32308.fb2
Неожиданно по комнате пролетает дух. И что я вижу на своей кровати? Там кто-то лежит, тихо постанывая и хрипя - умирающий! Отец? Не поднялся ли опять из могилы тот же призрак? Скользят тени. Говорят тени: Злым ты был, год... И славным тоже... И вот состарился... И теперь способен, старый, только похрипывать. Комната вдруг озаряется светом, стены разлетаются, потолок уплывает, Ницше видит - кровать пуста. С улицы доносится бой часов, двенадцать ударов, слышны крики "ура!".
В новом году он хочет защитить себя от таких видений, хочет вырвать, как занозу, мировую скорбь из своей души. Всю эту печаль и меланхолию несет с собой христианство. Значит, с теологией надо кончать. Сперва рай должен быть на земле, а уж потом - на небе.
Ницше будет изучать классическую филологию - овладеет искусством толковать античные тексты. Матери он сообщает об этом в середине письма - коротко и ясно. Мое решение заняться филологией бесповоротно. Изучать то и другое есть нечто половинчатое... Будь всегда здорова, дорогая мамочка. Привет милым тетушкам!
Ох уж эти милые тетушки! Сильнее всех негодовала, должно быть, Розалия, ведь во всем, что касается Бога и Священного Писания, ей среди родственников принадлежит последнее слово. Неужели ее племянник-протестант, оказавшись в прирейнских землях с их махровым католицизмом, отступил от своей веры?

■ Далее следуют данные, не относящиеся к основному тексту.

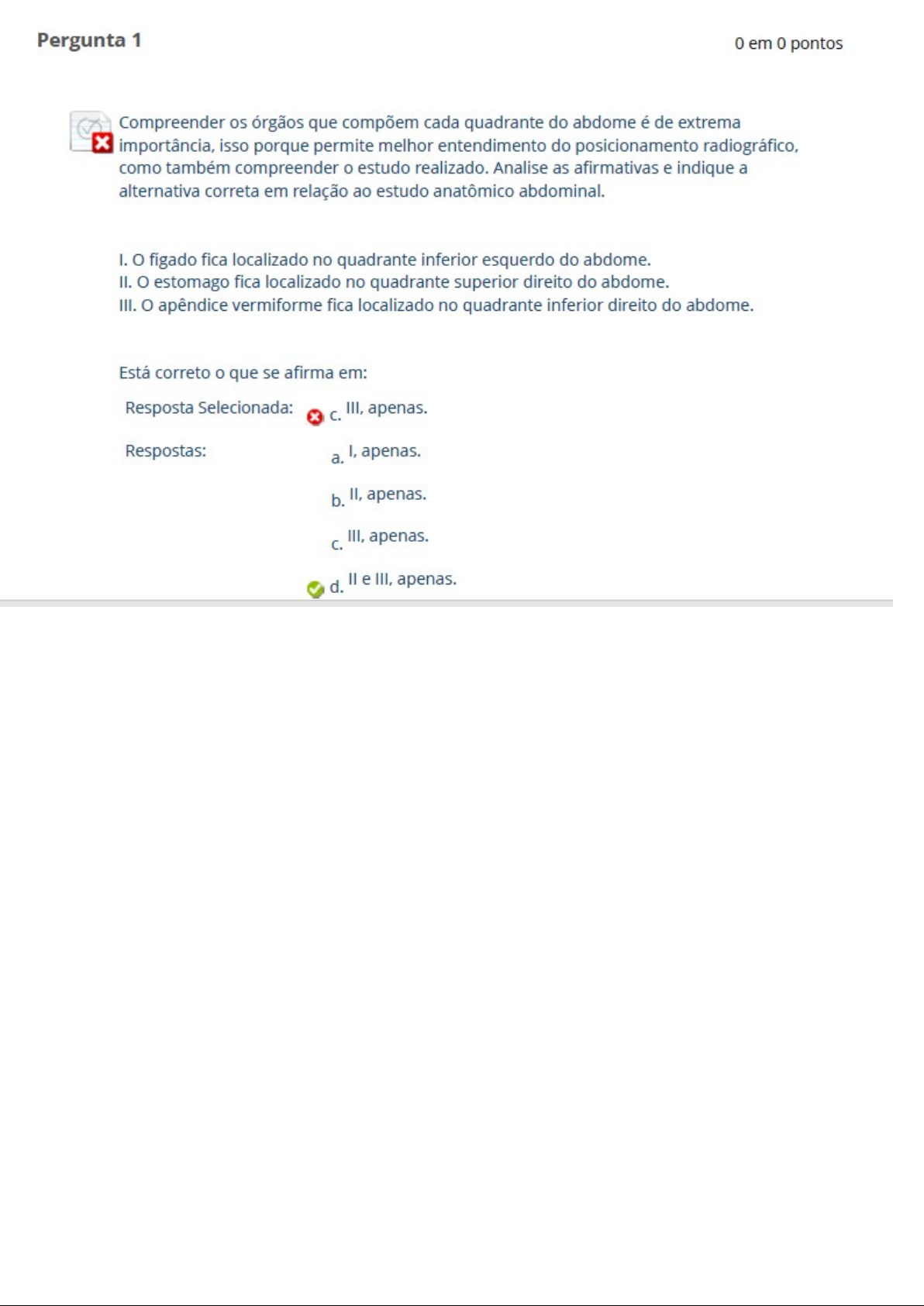 Pergunta 1 0 em 0 pontos Compreender os órgãos que compõem cada quadrante do abdome é de extrema importância, isso porque permite melhor entendimento do posicionamento radiográfico, como também compreender 0 estudo realizado. Analise as afirmativas e indique a alternativa correta em relação ao estudo anatômico abdominal. I. figado fica localizado no quadrante inferior esquerdo do abdome. II. estomago fica localizado no quadrante superior direito do abdome. III. apêndice vermiforme fica localizado no quadrante inferior direito do abdome. Está correto o que se afirma em: Resposta Selecionada: C. III, apenas. Respostas: a. I, apenas. b. II, apenas. C. III, apenas. d. e III, apenas.

Ничего подобного! Тетушка может быть спокойна. Крайне религиозное католическое население не вызывает у него ни малейшей симпатии. Слишком много ладана, а также скулящих и охающих старых баб.
Ницше пишет о молодых - маленькую фривольно-забавную историю под названием "Франконцы в раю" для юмористической газетки своей корпорации. Семьдесят семь девственниц в белых платьицах с желтыми передничками тянут к себе в заоблачную высь, как Маргарита Фауста, семьдесят семь франконцев, ухватившихся за бечевку. В конце дамы горюют об утраченной девственности, а семьдесят семь франконцев дремлют и видят золотые сны.
А сам Ницше? Он танцует и поет под окнами местных прелестниц, засматривается на фройляйн Марию, вздыхает по красавице, играющей в городском театре. И все? Да, вспоминает Дойсен, он никогда не замечал у Ницше склонности к поцелуям. Не говоря уже о чем-то большем. Mulierem nunquam attigit, он никогда не касался женщин. Сообщить об этом теолог Дойсен предпочитает, разумеется, на латыни.
Потом рассказывает прелюбопытнейшую историю, услышанную от самого Ницше. В феврале 1865 года друг Фриц едет в Кёльн один. Для студентов в пиковом положении город - истинный рай. Ницше осматривает собор и другие достопримечательности. Потом спрашивает прохожего, где бы поесть, и тот приводит его в бордель. Ницше: Неожиданно я оказался в окружении стайки созданий, облаченных в батист с блестками.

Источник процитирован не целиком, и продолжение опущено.